* Exercise goal
Give again, word for word, only the lines of the material below from its first line through the one that holds "系統框圖如圖3所示,主控循環"; pictures stay out.
Source material: Begin
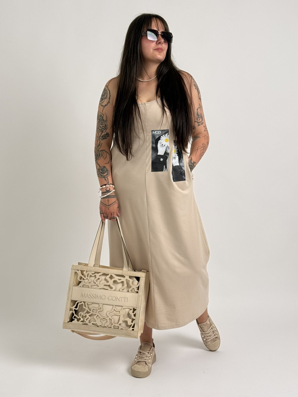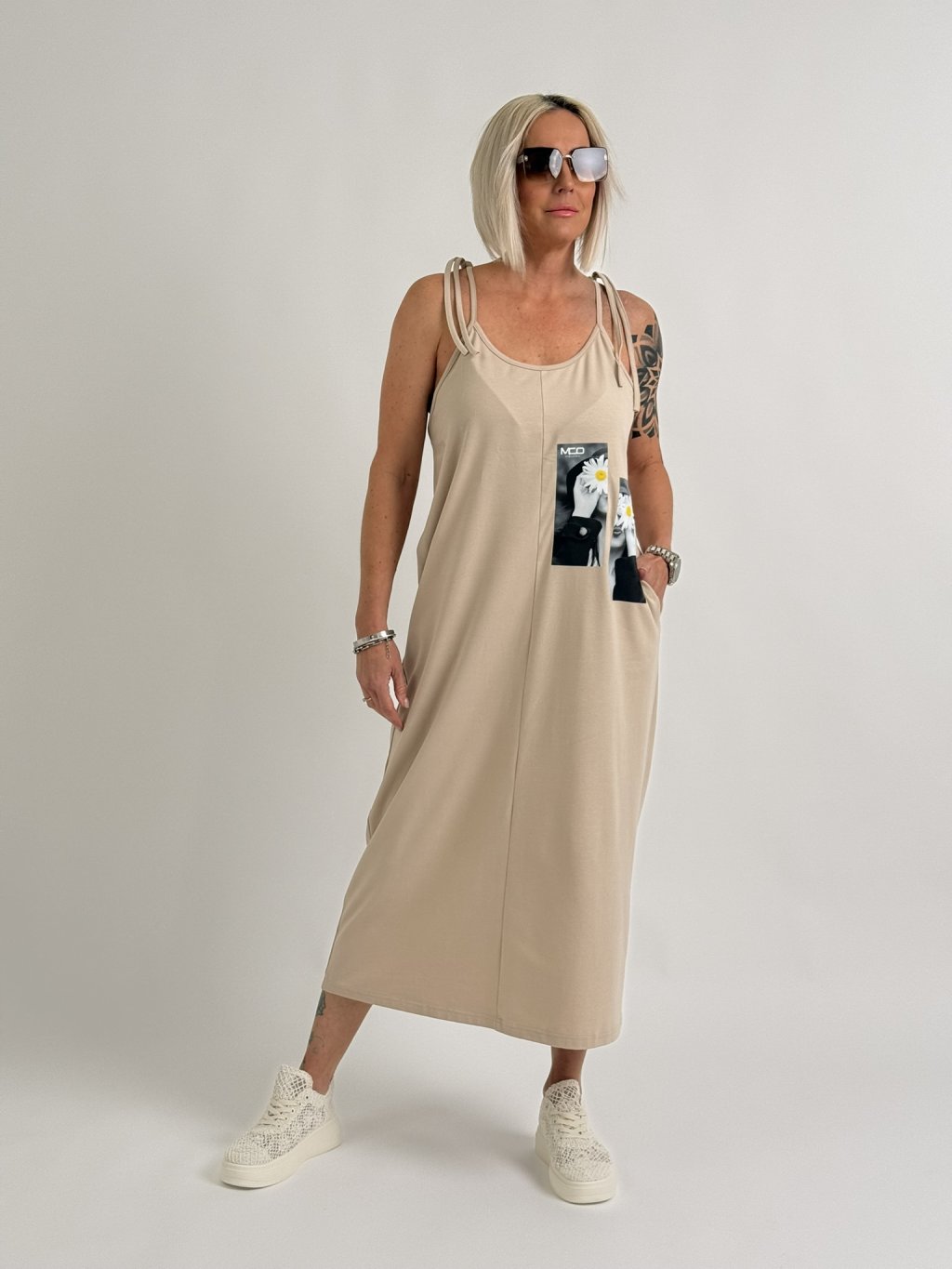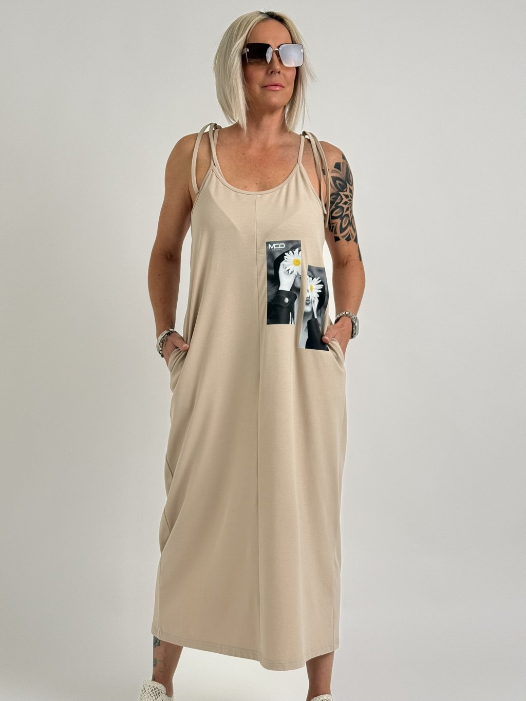Jednoduché bavlnené šaty bez ramienok s potlačou na prednej strane.
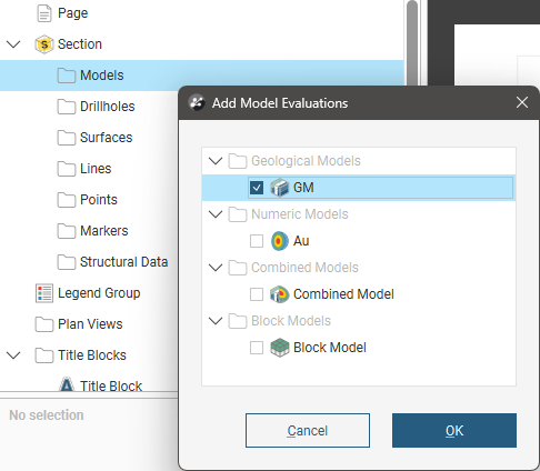 It is not necessary to evaluate objects in the project on the section before working in the section layout editor. When you add an object to the layout, Leapfrog Works will automatically evaluate it on the section.
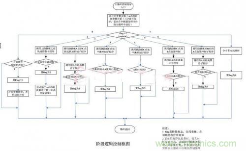 系統框圖如圖3所示,主控循環程序每隔一個采樣周期從FPGA接口中讀取各個傳感器的數值,并經過處理后獲得小車的運行狀態,根據小車的當前狀態采取相應的控制算法計算出電機所需的控制電壓值,進而,該控制電壓值經過PMW處理后輸出到小車驅動電機,使小車按照希望的規律運動。為了使程序流程清晰簡潔,框圖中以一個標志信號來記錄小車所運行的階段,控制器則根據小車所處的運行階段進行相應的控制。
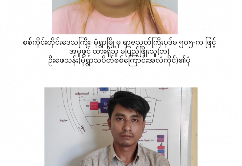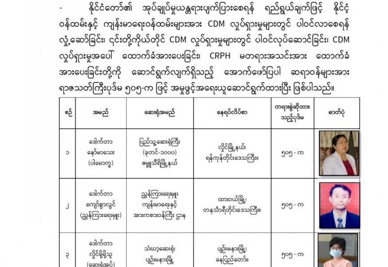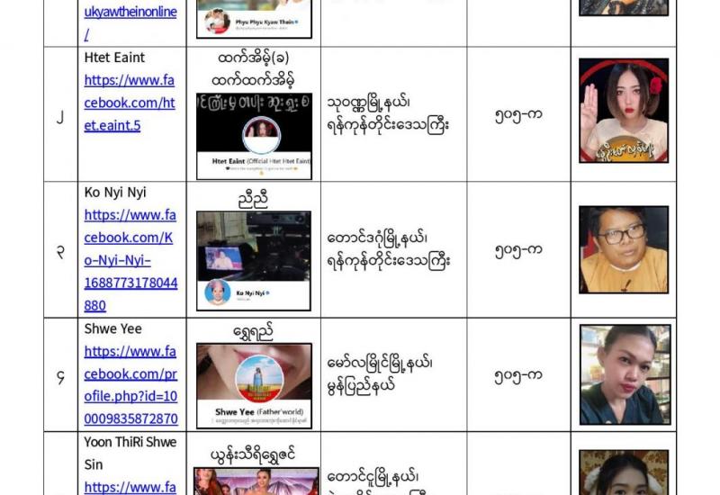 နိုင်ငံတော်၏ အုပ်ချုပ်မှုယန္တရားပျက်ပြားစေရန်ရည်ရွက်ချက်ဖြင့် နိုင်ငံ့ဝန်ထမ်းများအား CDM လှုပ်ရှားမှုတွင် ပါဝင်စေရန်လှုံ့ဆော်ခြင်း၊ CRPH မတရားအသင်းအား ထောက်ခံသည့် အကြောင်းအရာများ၊ မမှန်သတင်းများအားဖြန့်ဝေခြင်း၊ နိုင်ငံတော်တည်ငြိမ်အေးချမ်းမှုကို ပျက်ပြားစေပြီး ဆူပူအုံကြွမှုဖြစ်ပေါ်စေရန်နှင့် အများပြည်သူအထိတ်တလန့်ဖြစ်စေရန် အတွက် သွေးထိုးလှုံ့ဆော်မှုများပြုလုပ်ခြင်း၊ Social Pumishment ပြုလုပ်ခြင်းများကို လူမှုကွန်ရက် စာမျက်နှာများတွင် ရည်ရွယ်ချက်ရှိရှိ ဖြင့်ဖော်ပြခြင်းနှင့် ဖြန့်ဝေခြင်းများ ဆောင်ရွက် လျက်ရှိသည့် အောက်ဖော်ပြပါ အနုပညာရှင်အချို့နှင့် အခြားပါဝင်ပတ်သက်သူများအား ရာဇသတ်ကြီးပုဒ်မ ၅၀၅-က ဖြင့် အမှုဖွင့်အရေးယူ ဆောင်ရွက်လျက်ရှိပါသည်။
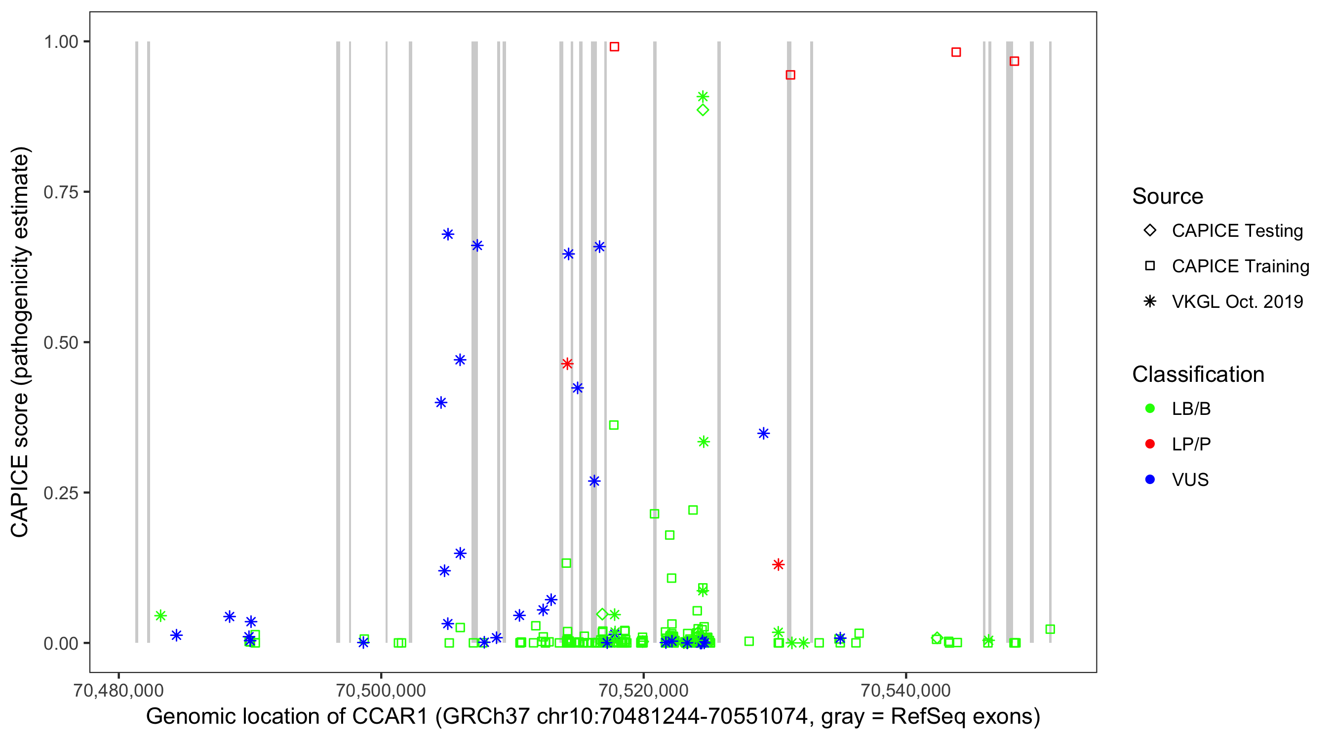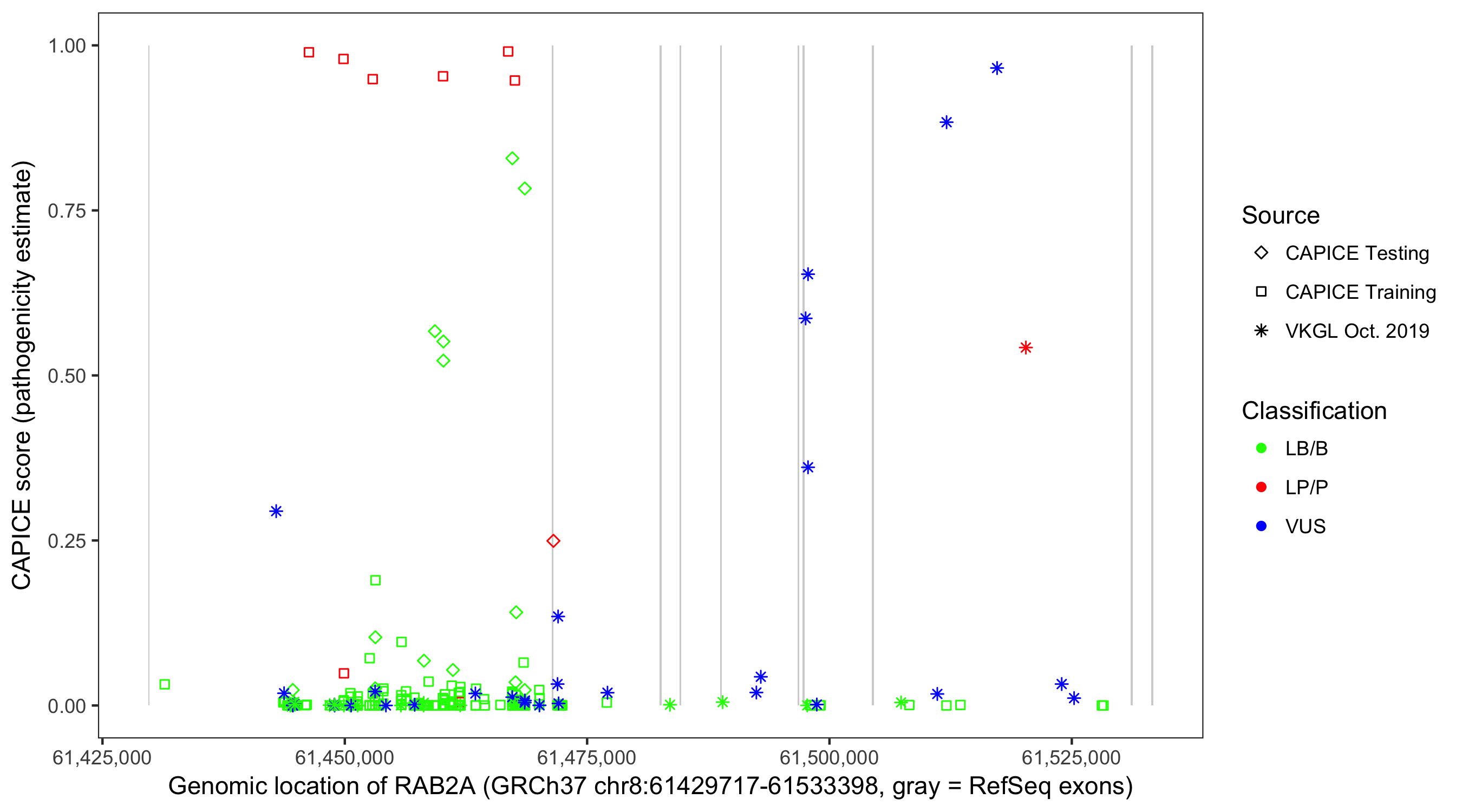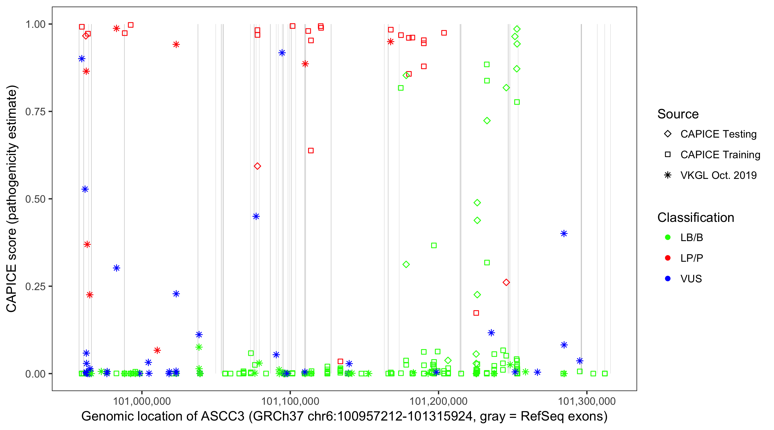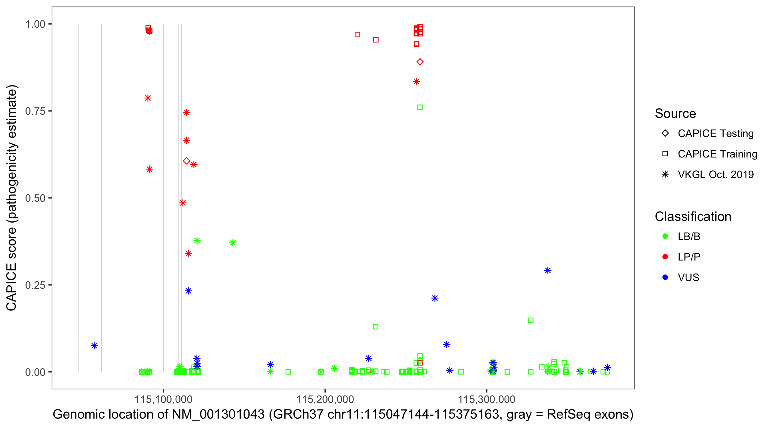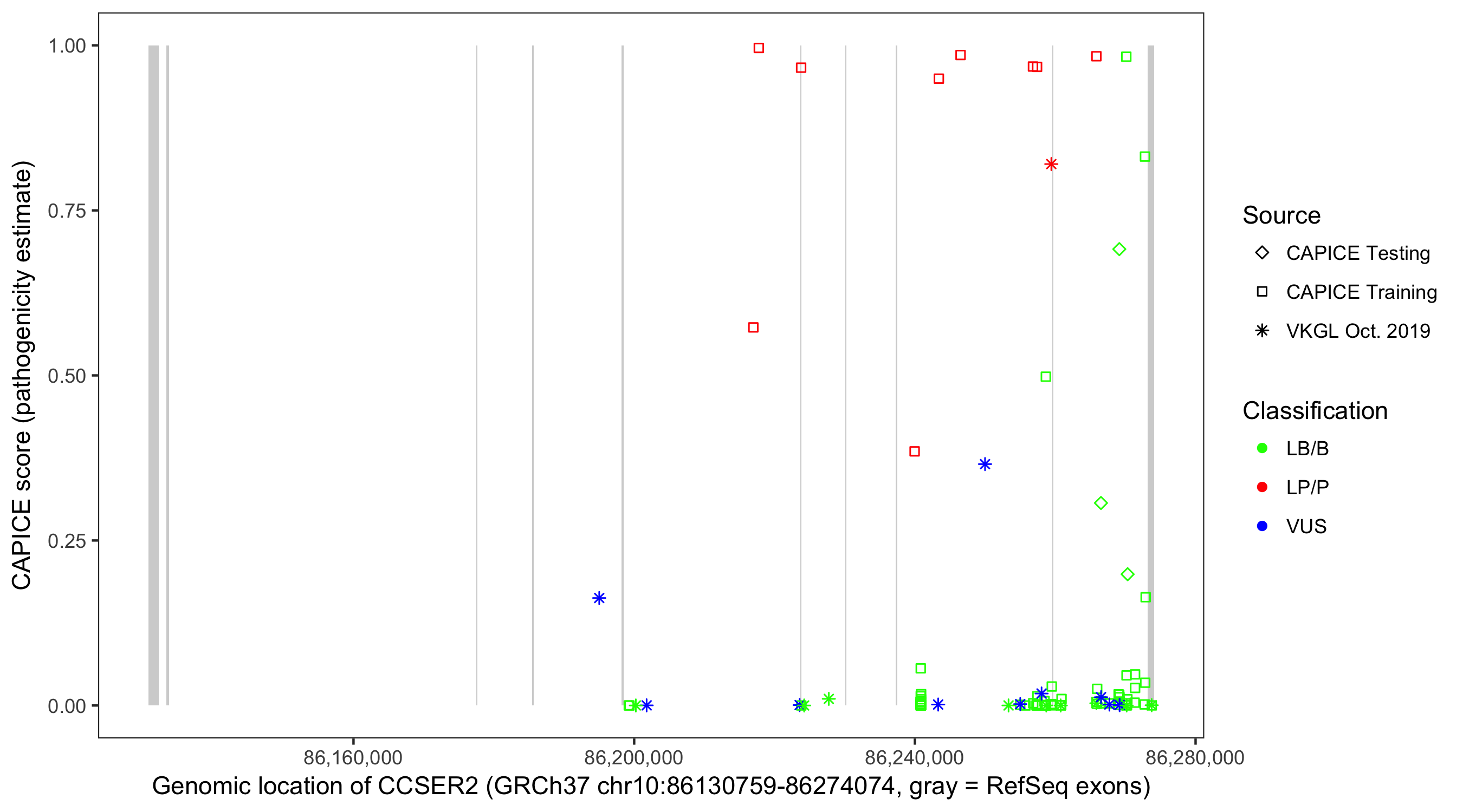 Shown are CAPICE train/test variants plus VKGL Oct 2019.
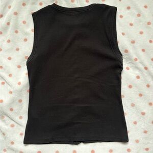 Stylish black tank top with button-front design. Ideal for layering or wearing alone.
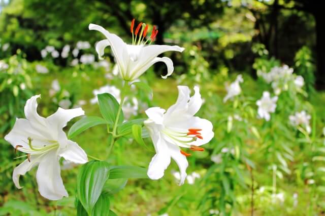 「威厳」の花言葉は、ユリの堂々とした花姿から名付けられています。一際大きく豪華に咲くユリの品種であるカサブランカにぴったりの花言葉です。
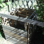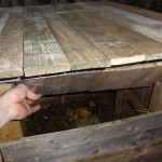 A noter que 2 rangs de planches ont été démontés sur chacune des palettes debout afin d’enfouir les traverses dans le sol. Sauf pour la porte de devant qui devra pouvoir se retirer pour qu’à l’occasion on puisse pelleter facilement le composte.
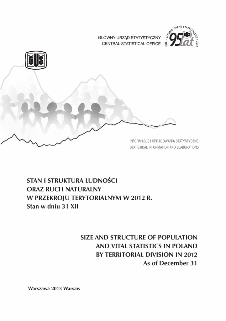 Opracowanie publikacji Preparation of the publication Kierujący Supervisor GUS, Departament Badań Demograficznych i Rynku Pracy CSO, Demographic Surveys and Labour Market Department Lucyna Nowak – zastępca dyrektora departamentu deputy director Autorzy opracowania Authors Joanna Stańczak, Agnieszka Znajewska Prace projektowe i przetwarzanie danych Data processing Ośrodek Informatyki Statystycznej, US w Olsztynie Statistical Computing Centre Statistical Office in Olsztyn Projekt okładki Cover design Lidia Motrenko-Makuch Druk i oprawa Printing and binding Zakład Wydawnictw Statystycznych Statistical Publishing Establishment ISSN 2083-3342 Publikacja dostępna na CD oraz w Internecie – www.stat.gov.pl Publication available on CD-ROM and at website – www.stat.gov.pl Przedmowa Publikacja pt. „Stan i struktura ludności oraz ruch naturalny w przekroju terytorialnym w 2012 r.” jest kolejnym opracowaniem, wydawanym przez Główny Urząd Statystyczny w cyklach półrocznych (według stanu w dniu 30.06 i 31.12 każdego roku), zawierającym informacje o liczbie i strukturze ludności oraz ruchu naturalnym i migracjach. Opracowanie jest kontynuacją – wychodzącej do 2009 roku – publikacji pod tytułem „Ludność. Stan i struktura w przekroju terytorialnym”. Od połowy lat siedemdziesiątych pozycja ukazywała się w serii „Materiały źródłowe”, od 2005 r. (począwszy od danych wg stanu w dniu 31.12.2004 r.) zmieniono serię wydawniczą na „Informacje i opracowania statystyczne”. Bieżące opracowanie przedstawia wyniki bilansu ludności, który został sporządzony według stanu w dniu 31.12.2012 r. dla wszystkich jednostek podziału administracyjnego kraju (województwa, powiaty oraz gminy w przekroju dla miast i terenów wiejskich). Dodatkowo bilans ludności został wyprowadzony dla jednostek podziału statystycznego, tj. dla regionów (NTS 1) i podregionów (NTS 3). Bilans opracowano przy przyjęciu za bazę wyjściową wyniki Narodowego Spisu Powszechnego Ludności i Mieszkań z dnia 31.03.2011 r. Opracowanie zawiera: informacje o liczbie i strukturze ludności w podziale na płeć i wiek według stanu w dniu 31.12.2012 r. Dane zestawiono w 17 tablicach wynikowych, 13 tablic wydano w formie zarówno książkowej jak i elektronicznej, natomiast 4 – wyłącznie na CD ze względu na ich dużą objętość; w wersji elektronicznej podane zostały również symbole terytorialne powiatów i gmin. Dodatkowo w wersji elektronicznej rozszerzono zakres tablicy 6 – „Ludność według płci, grup wieku i województw” o pojedyncze roczniki wieku i funkcjonalne grupy; informacje o ruchu naturalnym ludności (małżeństwa, rozwody, separacje, urodzenia, zgony) oraz o migracjach na pobyt stały (definitywnych) i czasowy (wewnętrznych i zagranicznych), a także wybrane wskaźniki demograficzne dotyczące 2012 r. (4 tablice wynikowe); dane o ludności i ruchu naturalnym w Polsce na tle wybranych krajów w 2011 r. (1 tablica wynikowa); analizę zmian rozwoju demograficznego Polski do 2012 r., z podkreśleniem zmian w ostatnim dziesięcioleciu. Szeroki zakres informacji o liczbie i strukturze ludności oraz ruchu naturalnym i migracjach ludności w Polsce dostępny jest również na stronie internetowej GUS www.stat.gov.pl. – w Bazie Demografia http://demografia.stat.gov.pl/bazademografia/ oraz Banku Danych Lokalnych. Przekazując publikację wyrażamy nadzieję, że spełni ona oczekiwania Odbiorców. Jednocześnie prosimy o nadsyłanie uwag, komentarzy, które postaramy się uwzględnić w kolejnych edycjach. Agnieszka Zgierska Dyrektor Departamentu Badań Demograficznych i Rynku Pracy Warszawa, maj 2013 r. Preface Publication entitled “Size and structure of population and vital statistics by territorial division in 2012” is the successive study in the series published by the Central Statistical Office twice a year (population as of June 30 and December 31), contains the information on the size and structure of population and vital event and migration statistics. Elaboration is the continuation of the study under the title “Population. Size and structure by territorial division” coming out up to 2009. Since the middle of 1970s the publication was part of the “Source materials” series, and since 2005 (starting with the data as of December 31, 2004) the series has been changed to “Statistical Information and Elaborations”. This study presents the results of population balance made as of December 31, 2012 for all units of administrative division of Poland (voivodships, powiats and gminas, by urban and rural areas). Additionally the population balance data how been calculated for units of statistical division, i.e. for regions (NUTS 1) and subregions (NUTS 3). The balance was made taking as the basis for calculations the results of the Population and Housing Census held on March 31, 2011. The study includes: information on the size and structure of population by sex and age as of December 31, 2012. The data were compiled in 17 result tables. 13 of them in both book and electronic form, and 4 tables only on CD – due to their large volume (tables 14-17); in electronic version territorial symbols of powiats and gminas are also presented. Additionally in electronic form more information was given at table 6 -“Population by sex, age groups and voivodships” at single years of age and functional groups. vital statistics (marriages, divorces, legal separations, births, deaths) and migration for permanent (definitive) and temporary residence (internal and international) and selected demographic indicators, for 2012 (4 result tables); data about population and vital statistics in comparison with selected countries in 2011. (1 result table); analysis of demographic development of Poland until 2012., with stressing changes in the last decade. A board set of information on size and structure of population, vital statistics of population and migration of popu
Source material: End
* Your solution
Jednoduché bavlnené šaty bez ramienok s potlačou na prednej strane.
 It is not necessary to evaluate objects in the project on the section before working in the section layout editor. When you add an object to the layout, Leapfrog Works will automatically evaluate it on the section.
 系統框圖如圖3所示,主控循環程序每隔一個采樣周期從FPGA接口中讀取各個傳感器的數值,并經過處理后獲得小車的運行狀態,根據小車的當前狀態采取相應的控制算法計算出電機所需的控制電壓值,進而,該控制電壓值經過PMW處理后輸出到小車驅動電機,使小車按照希望的規律運動。為了使程序流程清晰簡潔,框圖中以一個標志信號來記錄小車所運行的階段,控制器則根據小車所處的運行階段進行相應的控制。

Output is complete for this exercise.